The DRDAs in each district are governed by a mixed body consisting of local MLAs and MPs, Zila Parishad chairperson, representatives from women’s groups and from among the scheduled castes (SCs) and scheduled tribes (STs), among others. Being led at the local level, the objectives of IRDP can be highlighted as follows:

  • Improve the living standard of people below the poverty line in the rural areas.
  • Provide long-term employment.
  • Enhancing small-scale industries in the rural areas.
  • Improve agricultural production.

These objectives were expected to be achieved by supporting the rural population in multiple ways. Two of the most prominent methods were subsidies or loans and promoting self-employment opportunities. In addition to these methods, the IRDP scheme also incorporated the development of poultry and livestock rearing activities and aided the setting up of cottage industries in village areas.

While the information provided until now, such as IRDP’s full form and objectives, was aimed at providing a basic understanding of the IRDP scheme, we will now delve into understanding more about the implementation and scope of the program by looking at the groups who benefited under the purview of the scheme and the various subsidies that were provided to enhance the living conditions in rural areas.

Beneficiaries under the IRDP programme

The IRDP programme was designed to cater to the rural population and promote their development and growth. The plan was implemented at the district and block levels and covered people under the poverty line. The beneficiaries under the IRDP scheme included:

  • Labourers
  • Marginal farmers
  • Rural artists
  • Scheduled castes
  • Scheduled tribes
  • Other backward classes that have a yearly income under Rs. 11,000

Subsidies under the IRDP scheme

One of the major components of the Integrated Rural Development Programme (IRDP) was the provision of subsidies to people. Subsidies have several benefits and are often a great way to ensure desired implementation of schemes. Under IRDP, financial aid in the form of subsidies, credit lines, and loans was provided to the needy. The financial aid provided was allotted according to the identified group’s specific needs.
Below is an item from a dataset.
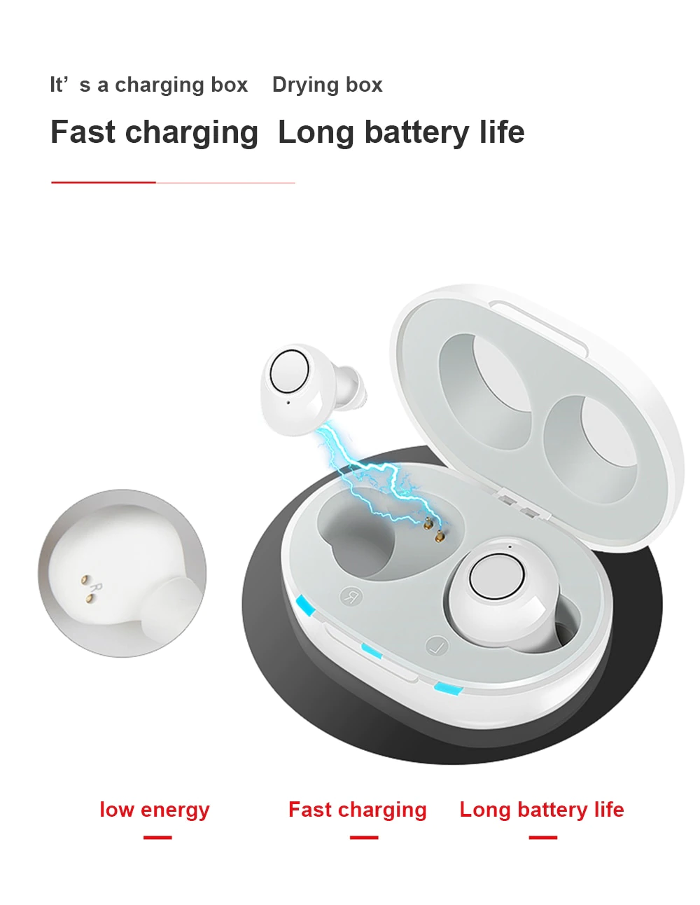 Le récipient pratique de 1.6 × 2.3 × 1.1in/4.1 × 5.8 × 2.8cm vous indique quand vos supports d'écoute sont sous tension et quand ils sont prêts à l'emploi.

The guidelines for subsidy distribution were as follows:

  • Financial institutions, like banks, extended a 25% subsidy to the small farmers that fall under the first target group.
  • In the second target group, agricultural labourers, artisans, and marginal farmers could receive a 33.5% subsidy.
  • The last group, which contained SCs and STs, along with people with physical disabilities, qualified for a 50% subsidy.

After learning about the benefits and subsidies provided under the IRDP scheme and its objectives, it becomes clear that the IRDP programme was an ambitious plan. Over time, the scheme saw moderate to low success overall. As a result, it was discontinued in 1999 and merged with five other programs to form the ​​Swarnjayanti Gram Swarozgar Yojana.


The IRDP scheme was a significant effort by the Indian government to alleviate poverty and improve rural livelihoods. Launched in 1978, the IRDP scheme aimed to provide job opportunities and enhance living standards for those below the poverty line in rural areas. Despite facing implementation challenges and varying levels of success, IRDP served as a valuable lesson for future rural development initiatives. It was eventually discontinued in 1999 but was integrated into the Swarnjayanti Gram Swarozgar Yojana.

The IRDP scheme is a testament to the Government of India’s continued commitment to rural upliftment and remains relevant for shaping inclusive growth policies in rural communities.